> _Exercise details_:
The entries below contain pictures, which are to be left out; write out exactly, and only, the lines from the line with "GREEN PEPPER SAUCE GALLON 4 x 3.8L TAB986" up to and including the line with "Barbara Petchenik Exhibition".

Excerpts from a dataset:
--
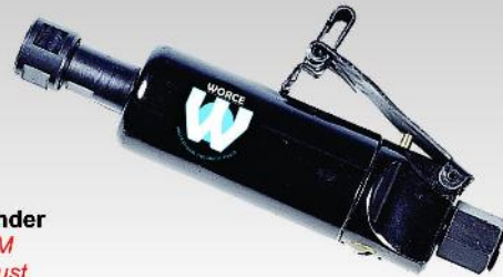
WX-501C 1/4" Die Grinder - 22,000 RPM - Front Exhaust - Built-in Comfort Grip
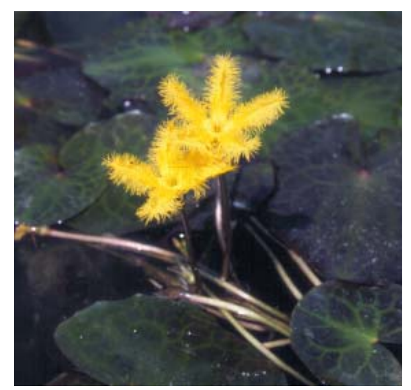
Members of the Nymphoides family, such as this 'yellow fringe,' send out many runners from which develop plantlets of invasive proportion.

Some procedures to follow when propagating aquatics will make the job quicker and less stressful, for both you and the plant. Most importantly, work in
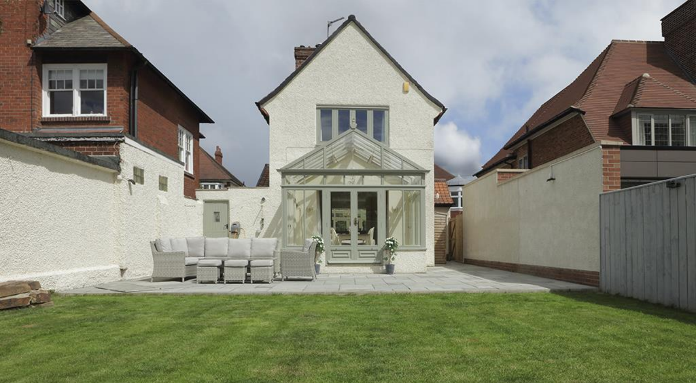
Westfield Cottage 18 Westfield Avenue, Gosforth
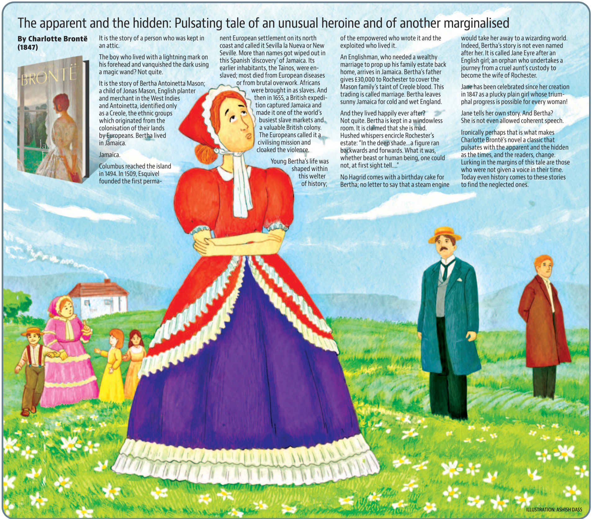
ILLUSTRATION: ASHISH DASS

Ironically perhaps that is what makes Charlotte Brontë's novel a classic that pulsates with the apparent and the hidden as the times, and the readers, change. Lurking in the margins of this tale are those who were not given a voice in their time. Today even history comes to these stories to find the neglected ones.
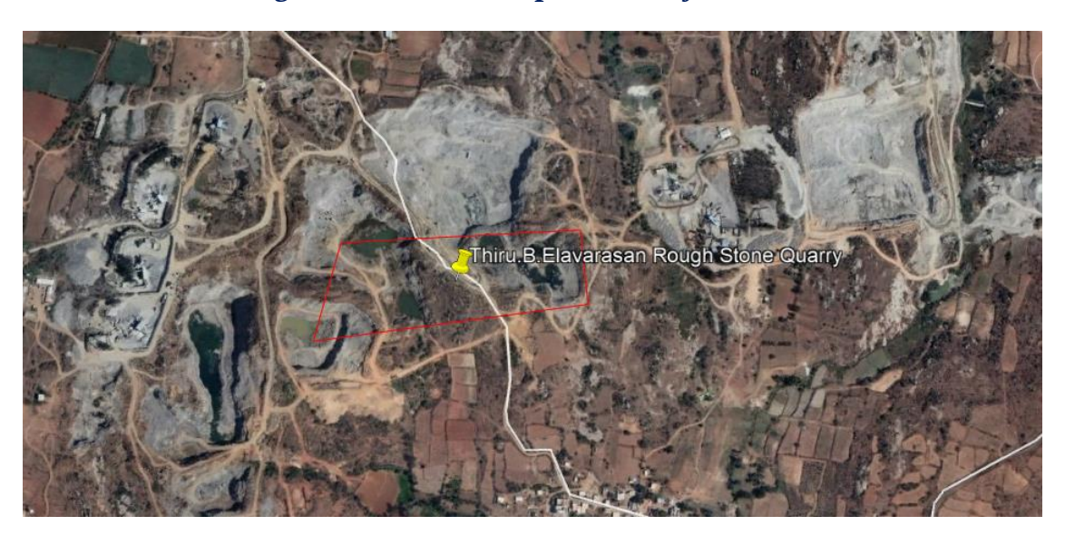
Figure 2: Google Image of the Project Site
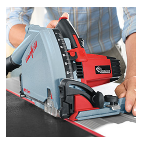
The MT 55 cc comes into its own, for example, when executing high-precision plunge cuts in kitchen worktops.
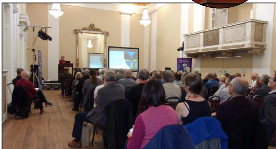
Heritage Conference in Drapers Hall
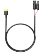
PV Charging Cable (XT90-MC4)
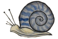
Snail from The Rutland Psalter, c. 1260

In Shropshire, they found themselves plunged back into the dark ages that Matthew writes about: "Forsooth, broadbände was slower thann ye olde snailes".
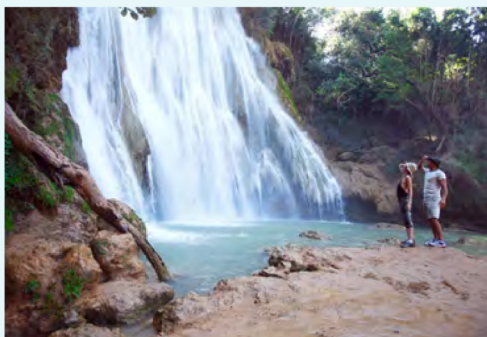
Waterfall “El Limón”.

brought in parts from England, also includes a visit to the Whale Museum.
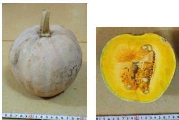
Sample Photo 37. A37. Cucurbita moschata
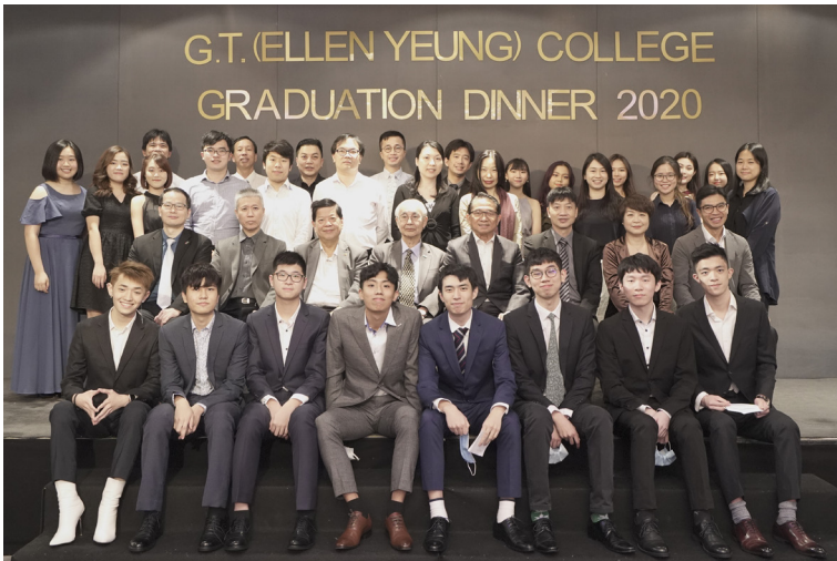
Class photo of 12C: Nothing better than the reunion
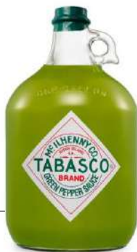
GREEN PEPPER SAUCE GALLON 4 x 3.8L TAB986
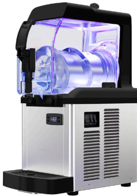
Model SP 1 LED UV
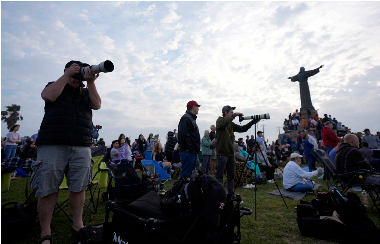
People gather to watch SpaceX's mega rocket Starship launch its third test flight from Starbase in Boca Chica, Texas, Thursday, March 14, 2024.

SpaceX's Elon Musk had just congratulated his team a little earlier. "SpaceX has come a long way," he said via X, formerly called Twitter. The rocket company was founded exactly 22 years ago Thursday.
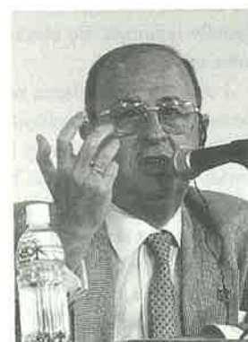
Mayor de Olejua of Gernika-Lumo

The destruction of Hiroshima and Nagasaki is not an independent case of destruction because the atomic bombs were the result of a series of incidents that started in 1937.
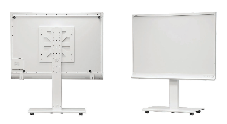
SYZ84-K with *SMART kapp 84® capture board installed

The SYZ84-K economy LCD monitor stand is a solution for a wide range of video conferencing and interactive applications. Its unique modern design plus accessible base shape is ideal for corporate and educational environments. Adjustable display mounting plate and cable passage in spine with grommets both in the top and bottom for passing cables inside the unit, leaving it with a very clean controlled appearance. This unit is available in white & black metal; maximum weight capability 200 lbs.
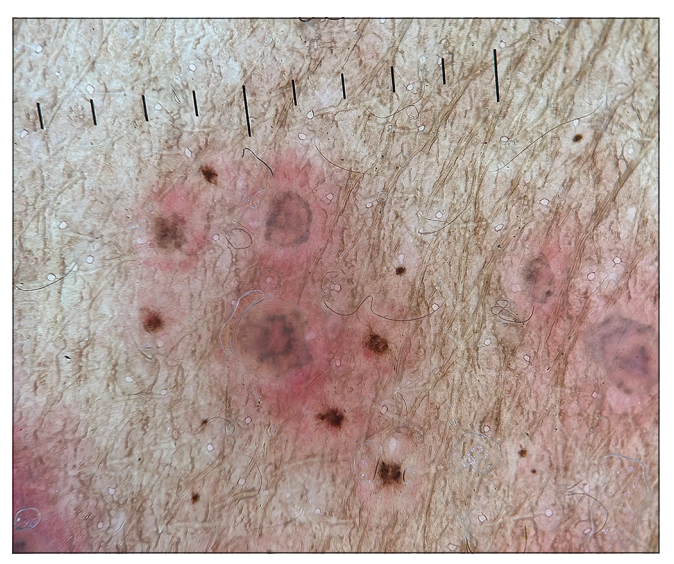
Figure 2: Dermoscopy (Illuco, IDS-1100) showing brownish crusts with polyglobular structures and background erythema (Polarized, \times 20 ).
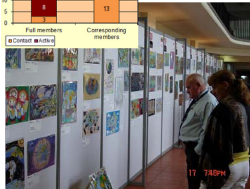
Barbara Petchenik Exhibition 2009 (Santiago de Chile)
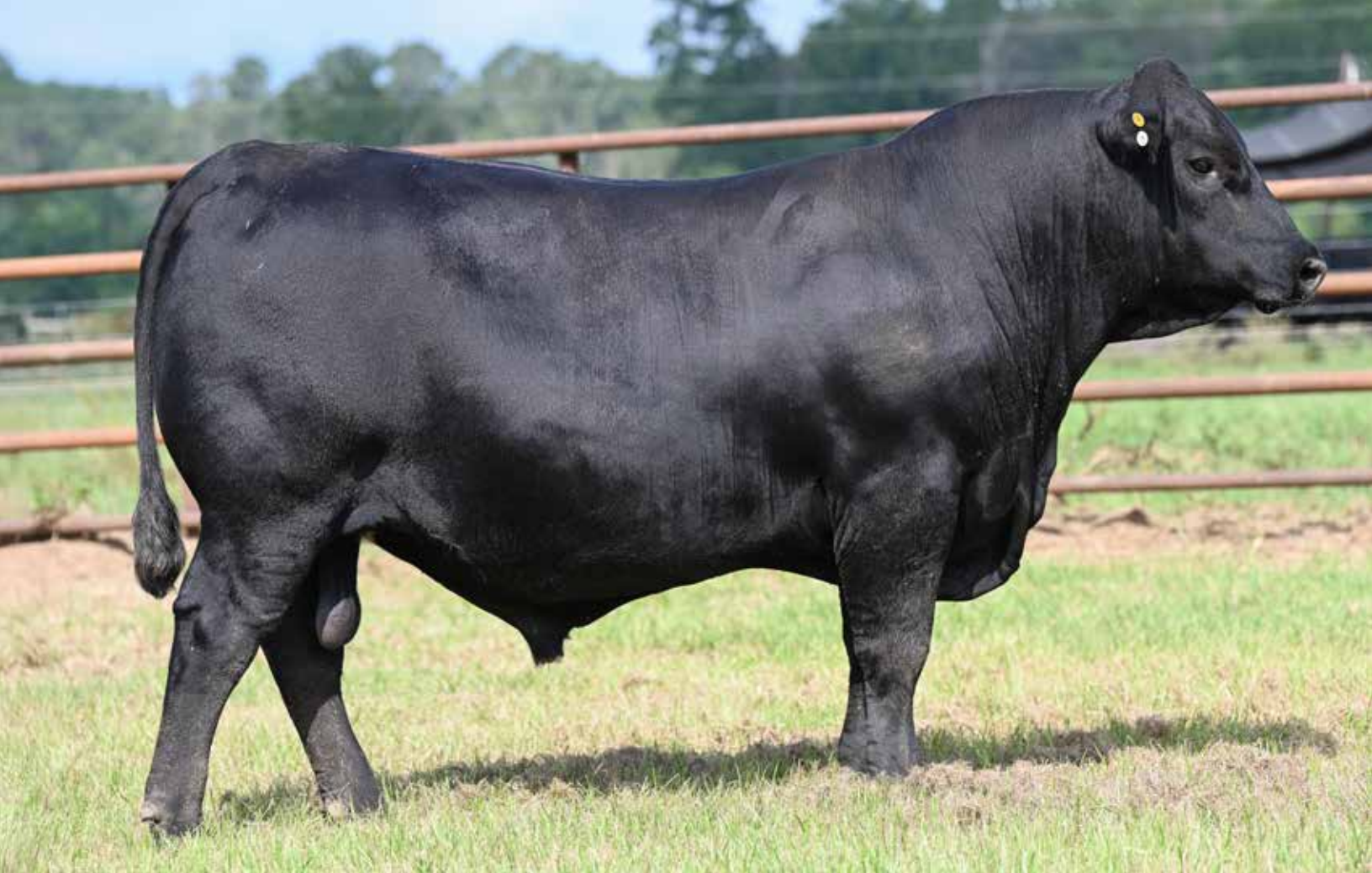
Lot 49 – PF FIREBALL 413
--
> _Written solution_:
GREEN PEPPER SAUCE GALLON 4 x 3.8L TAB986
Model SP 1 LED UV
People gather to watch SpaceX's mega rocket Starship launch its third test flight from Starbase in Boca Chica, Texas, Thursday, March 14, 2024.

SpaceX's Elon Musk had just congratulated his team a little earlier. "SpaceX has come a long way," he said via X, formerly called Twitter. The rocket company was founded exactly 22 years ago Thursday.
Mayor de Olejua of Gernika-Lumo

The destruction of Hiroshima and Nagasaki is not an independent case of destruction because the atomic bombs were the result of a series of incidents that started in 1937.
SYZ84-K with *SMART kapp 84® capture board installed

The SYZ84-K economy LCD monitor stand is a solution for a wide range of video conferencing and interactive applications. Its unique modern design plus accessible base shape is ideal for corporate and educational environments. Adjustable display mounting plate and cable passage in spine with grommets both in the top and bottom for passing cables inside the unit, leaving it with a very clean controlled appearance. This unit is available in white & black metal; maximum weight capability 200 lbs.
Figure 2: Dermoscopy (Illuco, IDS-1100) showing brownish crusts with polyglobular structures and background erythema (Polarized, \times 20 ).
Barbara Petchenik Exhibition 2009 (Santiago de Chile)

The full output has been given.